What is required:
With images removed, return the whole listing exactly as written.

Supplied information:
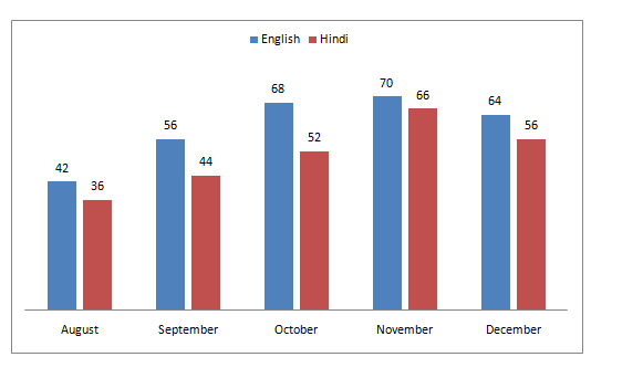 - Find the difference between the total English newspaper readers to that of total Hindi newspaper readers of all the given months together?
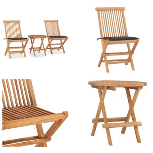 3-częściowy ogrodowy zestaw jadalniany z poduszkami Składane meble z litego drewna tekowegoTen drewniany zestaw ogrodowy będzie centralnym elementem ogrodu, tarasu lub patio. Drewno tekowe użyte do produkcji tego mebla zostało wysuszone w piecu, a następnie dokładnie wyszlifowane, aby nadać mu bardzo gładką teksturę. Drewno tekowe jest cenione za wyjątkową wytrzymałość i odporność na warunki atmosferyczne, dzięki czemu jest bardziej odpowiednie do mebli ogrodowych niż jakikolwiek inny rodzaj drewna. Lite drewno tekowe to idealny wybór, jeśli chcesz mieć trwałe meble ogrodowe. Gdy nie są używane, stół i krzesła można złożyć, aby zaoszczędzić miejsce.
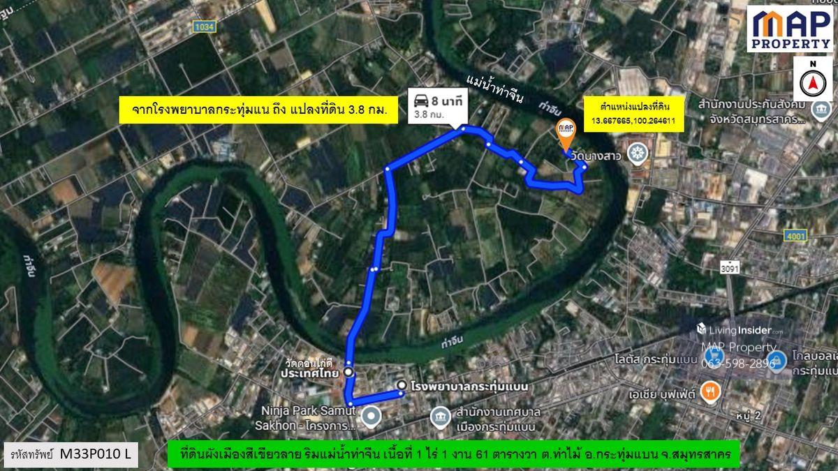 ที่ดินผังเมืองสีเขียวลาย ริมแม่น้ำท่าจีน ต.ท่าไม้ อ.กระทุ่มแบน จ.สมุทรสาคร -เนื้อที่ 1-1-61 ไร่ ติดแม่น้ำท่าจีนกว้าง 28 ม. มีที่งอกริมแม่น้ำ ด้านหลังติดถนนยาว 24 ม. บรรยากาศธรรมชาติเงียบสงบ เหมาะสำหรับ: ทำบ้านอยู่อาศัย ใกล้ตลาดและหน่วยงานราชการ เดินทางสะดวกมาก: -จากโรงพยาบาลกระทุ่มแบน 3.8 กม. -ไปตลาดกระทุ่มแบน 5.2 กม. ราคาไร่ละ 7 ล้านบาท รวมค่าใช้จ่ายในการโอน ติดต่อ วิชญ์ 086.469.1515

Expected output:
 - Find the difference between the total English newspaper readers to that of total Hindi newspaper readers of all the given months together?
 3-częściowy ogrodowy zestaw jadalniany z poduszkami Składane meble z litego drewna tekowegoTen drewniany zestaw ogrodowy będzie centralnym elementem ogrodu, tarasu lub patio. Drewno tekowe użyte do produkcji tego mebla zostało wysuszone w piecu, a następnie dokładnie wyszlifowane, aby nadać mu bardzo gładką teksturę. Drewno tekowe jest cenione za wyjątkową wytrzymałość i odporność na warunki atmosferyczne, dzięki czemu jest bardziej odpowiednie do mebli ogrodowych niż jakikolwiek inny rodzaj drewna. Lite drewno tekowe to idealny wybór, jeśli chcesz mieć trwałe meble ogrodowe. Gdy nie są używane, stół i krzesła można złożyć, aby zaoszczędzić miejsce.
 ที่ดินผังเมืองสีเขียวลาย ริมแม่น้ำท่าจีน ต.ท่าไม้ อ.กระทุ่มแบน จ.สมุทรสาคร -เนื้อที่ 1-1-61 ไร่ ติดแม่น้ำท่าจีนกว้าง 28 ม. มีที่งอกริมแม่น้ำ ด้านหลังติดถนนยาว 24 ม. บรรยากาศธรรมชาติเงียบสงบ เหมาะสำหรับ: ทำบ้านอยู่อาศัย ใกล้ตลาดและหน่วยงานราชการ เดินทางสะดวกมาก: -จากโรงพยาบาลกระทุ่มแบน 3.8 กม. -ไปตลาดกระทุ่มแบน 5.2 กม. ราคาไร่ละ 7 ล้านบาท รวมค่าใช้จ่ายในการโอน ติดต่อ วิชญ์ 086.469.1515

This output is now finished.